More recently, the Supreme Court bent over backward to deny a damages award to John Thompson, who spent 14 years on Death Row and came within weeks of execution because prosecutors hid a blood test and other evidence that would have proven his innocence.
What kind of country are we living in now?
In 2001, Texas Defender Service issued it's report, A State of Denial: Texas Justice and the Death Penalty. The report's Chapter 9, Bitter Harvest, examined the cases of six men executed by Texas in spite of serious questions of innocence at the time of their executions: David Wayne Spence, Robert Nelson Drew, Gary Graham, Odell Barnes Jr., Richard Wayne Jones, and David Stoker.

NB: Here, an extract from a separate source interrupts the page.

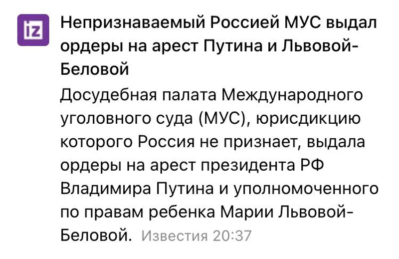 читать такое - кровь из глаз пойдетICC judges issue arrest warrants against Vladimir Vladimirovich Putin and Maria Alekseyevna Lvova-Belova / перевод

Although George Bush once said famously as governor of Texas: "As far as I'm concerned, there has not been one innocent person executed since I've been governor.''
And Saddam Hussein can hit the United States with nucyular weapons in as little as 45 minutes.
Former Texas Court of Criminal Appeals Judge Charles Baird disagreed with Bush:
" We've had such an enormous amount of executions that it's difficult to believe that the system worked flawlessly in all of those cases. I don't share governor Bush's confidence in the judicial system. When I was on the court, I saw a lot of faulty trials from overzealous prosecutors and police officers."
Now calls are going out for citizens to call for a halt to the execution of Troy Davis in Georgia. Twenty years ago, Troy Davis was convicted of killing a police officer. Since then, seven of the nine witnesses recanted their statements, and new witnesses have stepped forward identifying another man as the murderer..
The state of Georgia is keeping Davis on track to be executed as early as next month.
Instead of a new trial, Davis was forced to face a single federal judge where the burden was on Davis to prove his innocence -- the exact opposite presumption of a jury trial. Despite acknowledging that the case against Davis was not "ironclad," the judge refused to grant a new trial.
From the updated Wiki entry:
Amnesty International condemned the decision to deny clemency, and the executive director of Amnesty International USA, added: "The U.S. Supreme Court must intervene immediately and unequivocally to prevent this perversion of justice." Former President (and Georgia Governor) Jimmy Carter released a public letter in which he stated "Executing Troy Davis without a real examination of potentially exonerating evidence risks taking the life of an innocent man and would be a grave miscarriage of justice."...A stay of execution was also supported by the NAACP; the president of the Georgia state conference said "This is a modern-day lynching if it's allowed to go forward." Former Republican Congressman and presidential candidate Bob Barr wrote that he is "a strong believer in the death penalty as an appropriate and just punishment," but that the proper level of fairness and accuracy required for the ultimate punishment has not been met in Davis' case.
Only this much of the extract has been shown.